◆ What you should do:
Would you transcribe the records below from the line with "flecha de Sagitario" to the line with "They included interventions", ends included, exactly and with nothing more, leaving the pictures out?

◆ Entries shown:
----

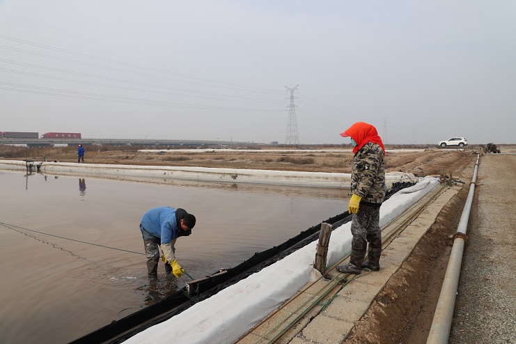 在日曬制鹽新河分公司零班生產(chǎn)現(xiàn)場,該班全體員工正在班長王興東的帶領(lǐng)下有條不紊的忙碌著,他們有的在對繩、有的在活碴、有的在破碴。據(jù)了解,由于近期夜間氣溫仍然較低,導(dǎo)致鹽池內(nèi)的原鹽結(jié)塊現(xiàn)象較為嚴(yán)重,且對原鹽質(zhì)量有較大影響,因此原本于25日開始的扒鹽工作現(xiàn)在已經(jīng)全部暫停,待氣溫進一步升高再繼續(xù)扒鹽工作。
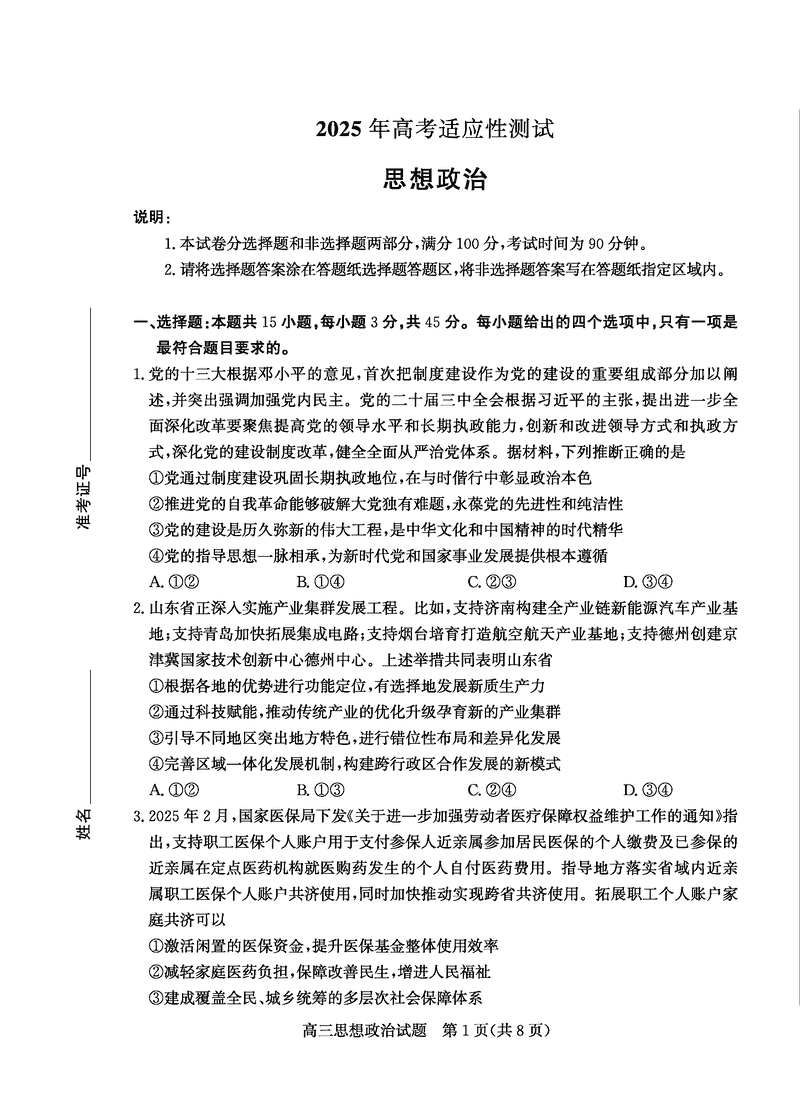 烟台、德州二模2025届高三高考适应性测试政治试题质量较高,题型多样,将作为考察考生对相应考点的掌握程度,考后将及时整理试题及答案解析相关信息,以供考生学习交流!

----

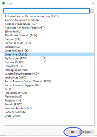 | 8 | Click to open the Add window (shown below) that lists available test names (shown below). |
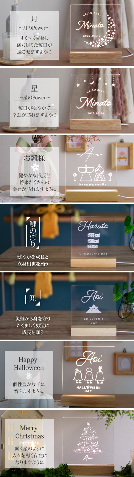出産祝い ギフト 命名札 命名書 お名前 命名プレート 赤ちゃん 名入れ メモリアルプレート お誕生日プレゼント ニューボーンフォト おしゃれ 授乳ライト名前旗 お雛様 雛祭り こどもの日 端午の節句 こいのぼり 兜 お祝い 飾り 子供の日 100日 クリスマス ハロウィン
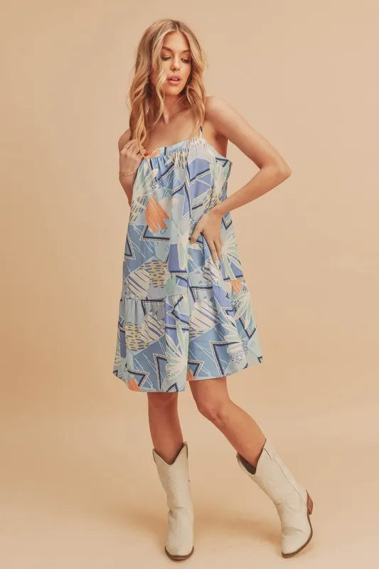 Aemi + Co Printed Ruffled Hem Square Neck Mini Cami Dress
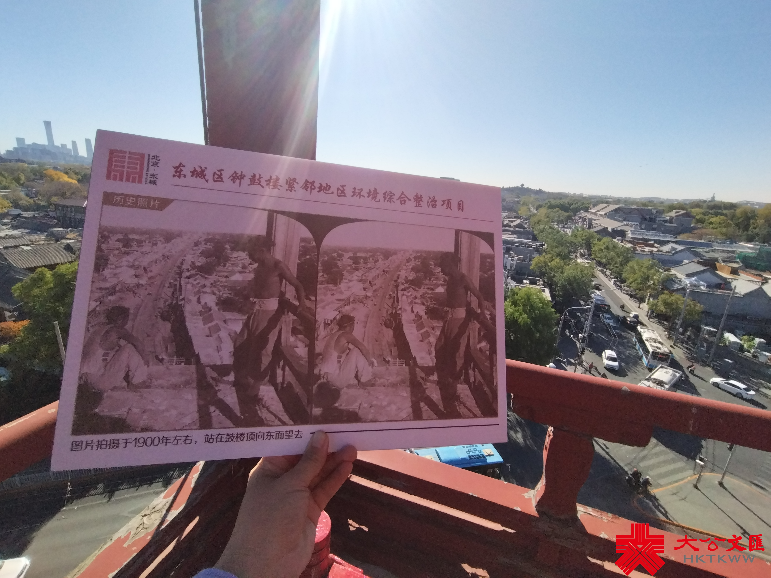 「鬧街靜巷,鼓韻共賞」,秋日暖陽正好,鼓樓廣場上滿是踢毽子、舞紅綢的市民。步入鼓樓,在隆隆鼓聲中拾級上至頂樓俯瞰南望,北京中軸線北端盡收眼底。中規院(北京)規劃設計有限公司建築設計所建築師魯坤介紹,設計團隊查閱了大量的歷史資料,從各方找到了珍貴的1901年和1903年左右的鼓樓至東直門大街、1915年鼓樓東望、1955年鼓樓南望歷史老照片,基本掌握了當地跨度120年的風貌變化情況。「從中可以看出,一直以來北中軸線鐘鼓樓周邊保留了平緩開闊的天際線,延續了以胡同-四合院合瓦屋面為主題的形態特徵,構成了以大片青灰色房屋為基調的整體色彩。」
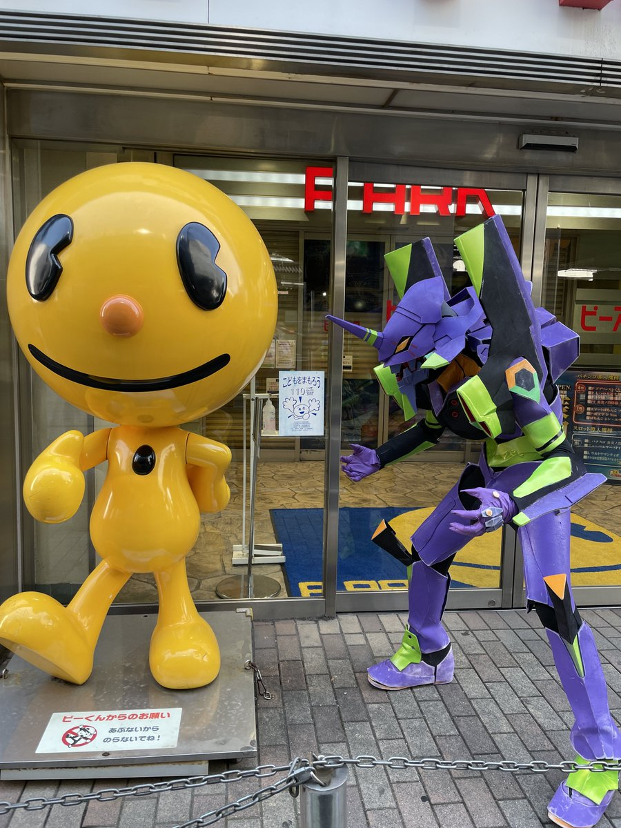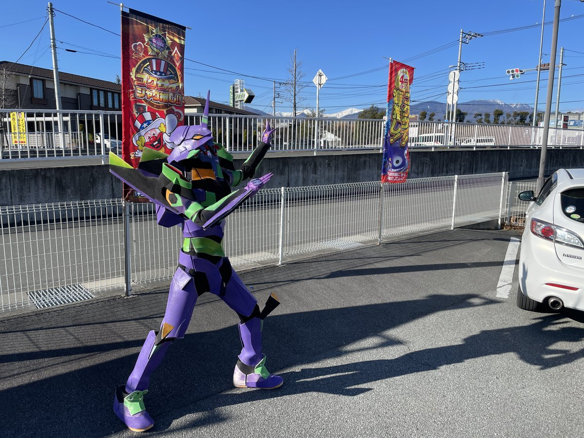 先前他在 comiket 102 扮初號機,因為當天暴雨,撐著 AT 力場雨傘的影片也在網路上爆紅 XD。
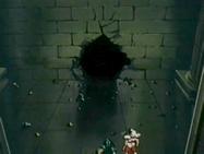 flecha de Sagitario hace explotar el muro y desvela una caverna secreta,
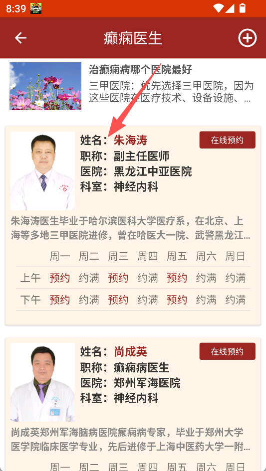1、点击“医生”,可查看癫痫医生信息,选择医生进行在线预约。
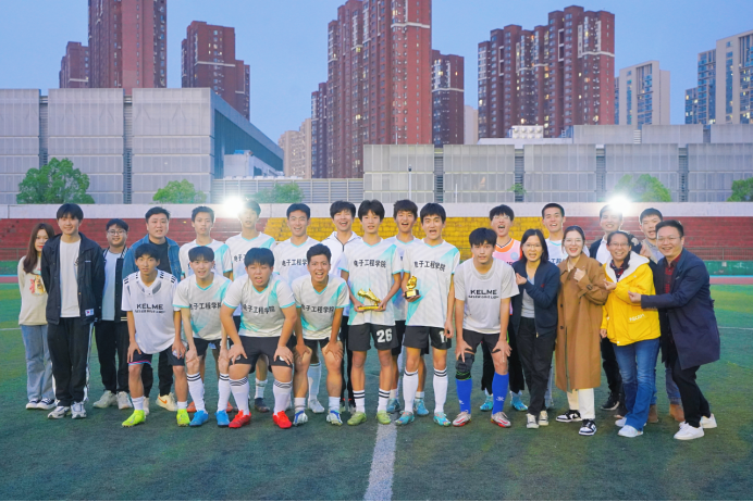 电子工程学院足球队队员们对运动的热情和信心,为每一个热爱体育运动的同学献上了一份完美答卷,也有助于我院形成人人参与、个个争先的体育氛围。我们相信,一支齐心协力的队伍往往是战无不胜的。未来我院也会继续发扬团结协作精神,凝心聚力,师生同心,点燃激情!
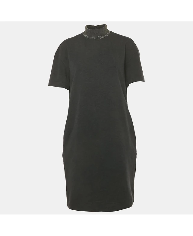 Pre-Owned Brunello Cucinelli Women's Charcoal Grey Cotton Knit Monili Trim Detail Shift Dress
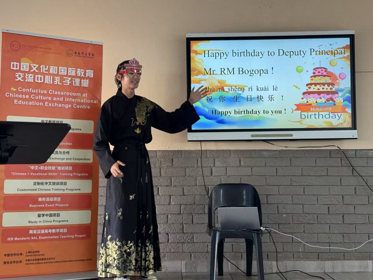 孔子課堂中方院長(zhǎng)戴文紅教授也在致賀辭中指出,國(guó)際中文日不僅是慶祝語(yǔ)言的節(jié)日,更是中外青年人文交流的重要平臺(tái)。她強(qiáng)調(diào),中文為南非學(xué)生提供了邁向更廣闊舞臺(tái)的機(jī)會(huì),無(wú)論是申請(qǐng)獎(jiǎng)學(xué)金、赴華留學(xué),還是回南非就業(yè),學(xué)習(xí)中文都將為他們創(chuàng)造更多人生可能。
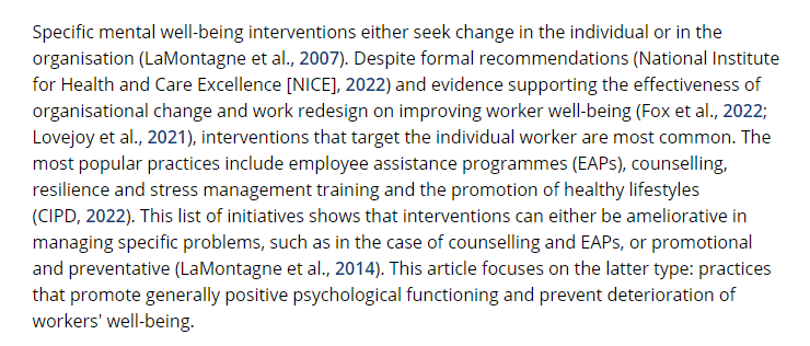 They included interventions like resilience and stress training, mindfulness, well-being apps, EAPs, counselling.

----

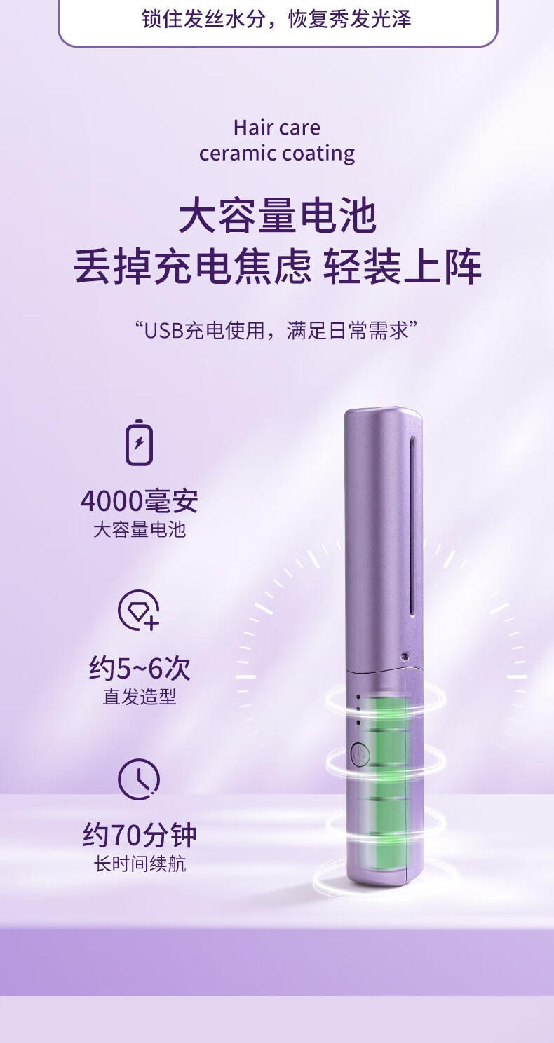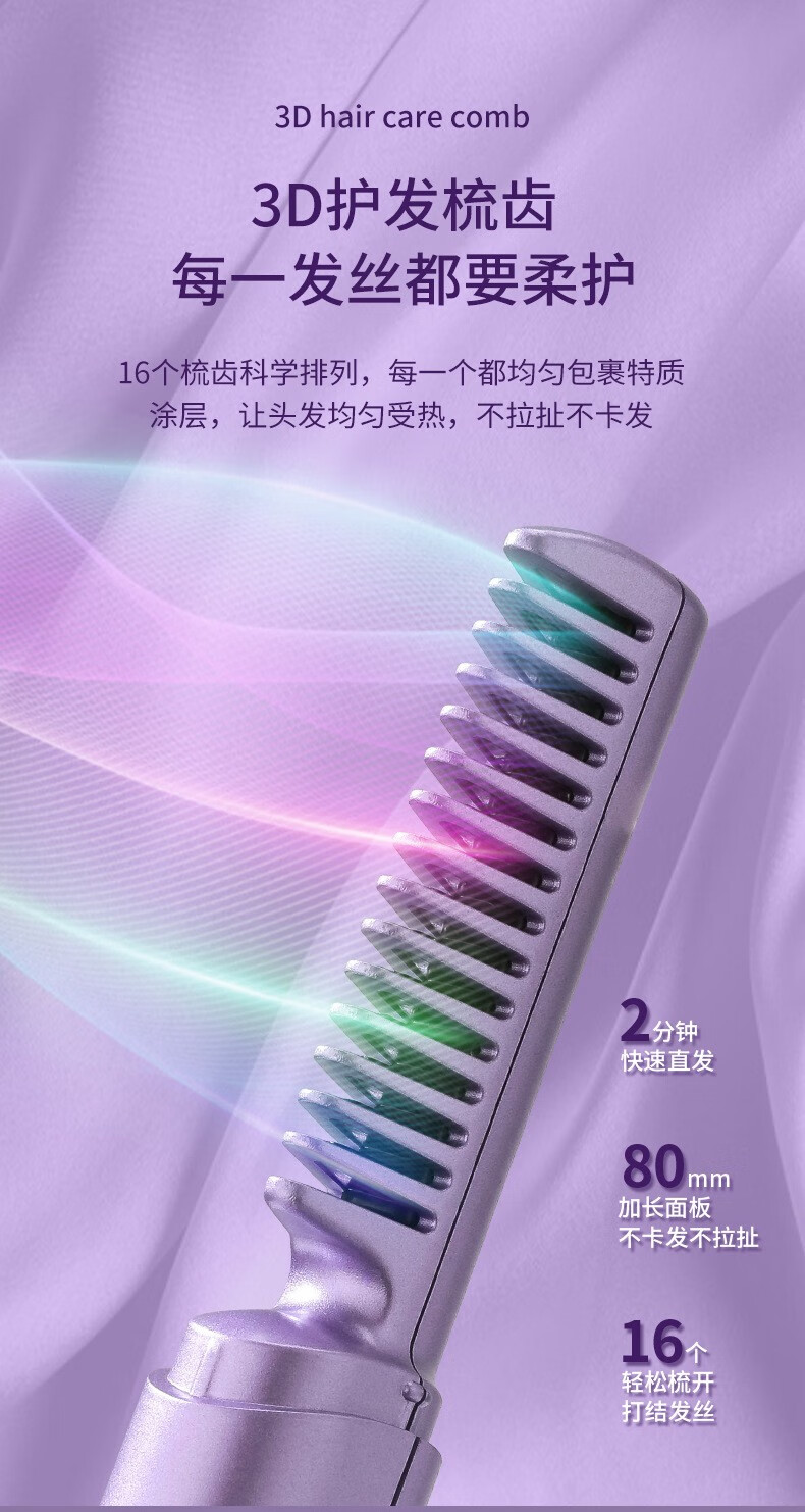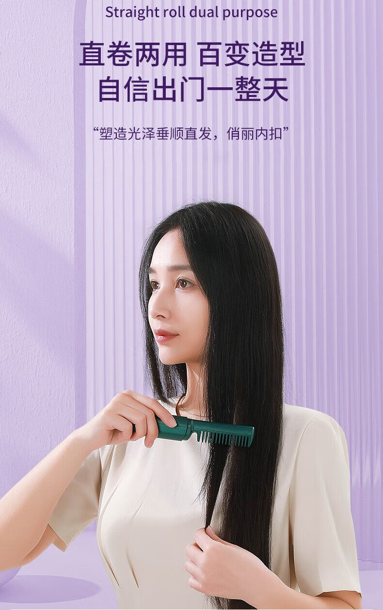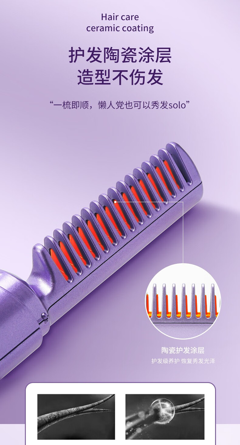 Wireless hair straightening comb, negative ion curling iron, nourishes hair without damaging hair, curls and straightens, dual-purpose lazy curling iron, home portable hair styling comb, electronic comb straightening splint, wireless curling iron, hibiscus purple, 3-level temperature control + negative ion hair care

----

◆ The completed task:
 flecha de Sagitario hace explotar el muro y desvela una caverna secreta,
1、点击“医生”,可查看癫痫医生信息,选择医生进行在线预约。
 电子工程学院足球队队员们对运动的热情和信心,为每一个热爱体育运动的同学献上了一份完美答卷,也有助于我院形成人人参与、个个争先的体育氛围。我们相信,一支齐心协力的队伍往往是战无不胜的。未来我院也会继续发扬团结协作精神,凝心聚力,师生同心,点燃激情!
 Pre-Owned Brunello Cucinelli Women's Charcoal Grey Cotton Knit Monili Trim Detail Shift Dress
 孔子課堂中方院長(zhǎng)戴文紅教授也在致賀辭中指出,國(guó)際中文日不僅是慶祝語(yǔ)言的節(jié)日,更是中外青年人文交流的重要平臺(tái)。她強(qiáng)調(diào),中文為南非學(xué)生提供了邁向更廣闊舞臺(tái)的機(jī)會(huì),無(wú)論是申請(qǐng)獎(jiǎng)學(xué)金、赴華留學(xué),還是回南非就業(yè),學(xué)習(xí)中文都將為他們創(chuàng)造更多人生可能。
 They included interventions like resilience and stress training, mindfulness, well-being apps, EAPs, counselling.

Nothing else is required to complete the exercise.